This Level of Transaction Fees Would be ‘Truly Acceptable’ According to Ethereum’s Buterin

Ruholamin Haqshanas
Last updated: | 2 min read
Vitalik Buterin. Source: A video screenshot, Youtube/Grand Amphi Théatre

 

Ethereum (ETH) co-founder Vitalik Buterin has said layer 2 (L2) transaction fees need to be under USD 0.05 in order to become “truly acceptable.”

The statement came in response to a Twitter post from Ryan Sean Adams, co-founder of Web3 company Bankless and the host of the Bankless podcast, who shared a screenshot of the average transaction fees for some popular Ethereum L2 solutions.

Layer 2s are separate blockchains that extend and scale Ethereum by processing transactions off of the Ethereum Mainnet (layer 1) while aiming to still maintain the security measures and decentralization of the mainnet.

While some layer 2s meet Buterin’s recommended transaction fee, some are still relatively expensive. For instance, transaction fees on the Aztec Network were around USD 1.98.

“Needs to get under [USD] 0.05 to be truly acceptable imo,” Buterin said. “But we’re definitely making great progress, and even proto-danksharding may be enough to get us there for a while!”
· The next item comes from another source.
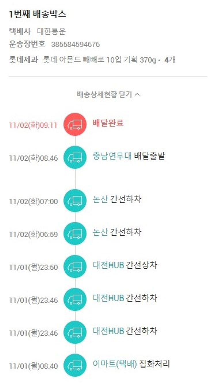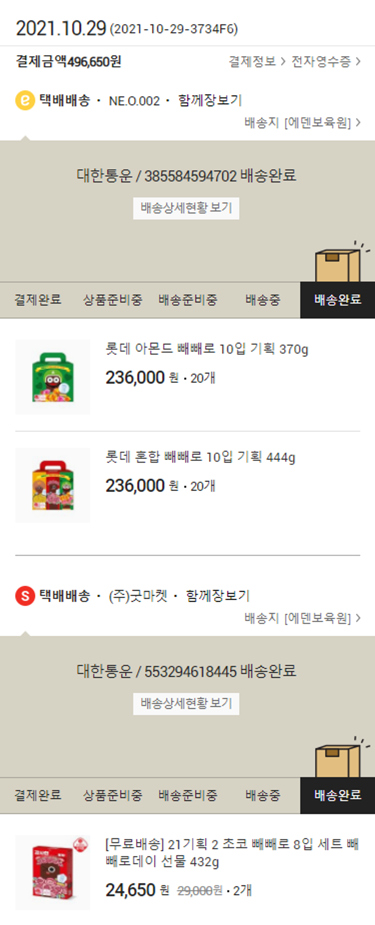 기부자님이 사용한 기부포인트 60,600원, 가격상승분 362원, 100원 미만 지원금 88원, 결제 수수료 12,814원, 기타 사업비는 행복나눔재단이 부담했습니다. (기부후기 발송시점에 최종 업데이트 됩니다.) 실제 쇼핑몰에서 확인되는 배송현황을 캡처한 내용입니다. 실시간 자료와는 차이가 있을 수 있습니다.
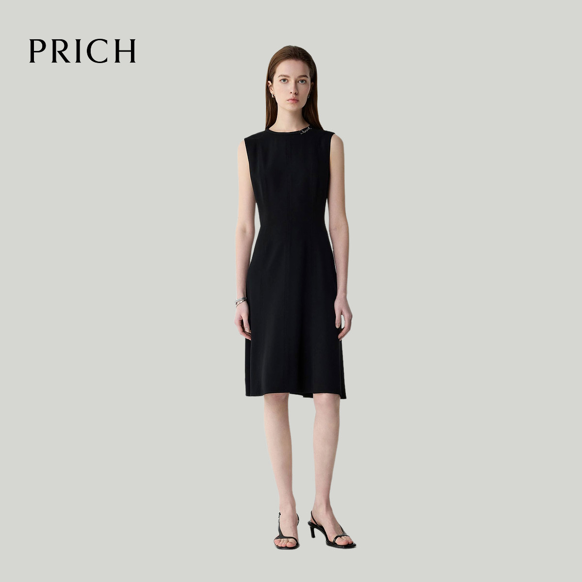 收腰圆领无袖 PRICH简约干练连衣裙夏季 裙子女 醋酸

Arguably, Adams has shared the screenshot to counter the increasing criticism towards Ethereum. Ethereum gas fees have become a hot topic yet again, particularly since the network experienced a massive surge in gas fees during the mint of Yuga Lab‘s much-anticipated “Otherside” metaverse land, called Otherdeed non-fungible tokens (NFTs).

In total, over USD 150m was spent in gas fees during the mint as users tried to secure space in the upcoming block by taking part in a priority gas auction, a process also referred to as “gas war.”

While it’s next to impossible to completely avoid gas wars during highly-anticipated NFT mints, Yuga Labs could have taken certain measures to dramatically reduce the potential for a massive gas war, crypto research firm CoinMetrics said in a recent report.

The report noted that Yuga Labs should have designed a mechanism to let the market decide the fair price of the mint instead of setting a flat price. Some potential solutions included smart batched auctions or raffles.

Moreover, the company could have potentially saved millions worth of crypto in transaction fees by optimizing the minting smart contract. Sharing this point of view, Will Papper, co-founder of the decentralized investing project Syndicate Protocol, argued that the “contract had nearly zero gas optimizations.”

Nevertheless, the mint benefited Ethereum by burning a relatively considerable portion of its supply. “One silver lining is that a historic amount of ETH was burned during the event, lowering ETH’s overall supply,” the above report said.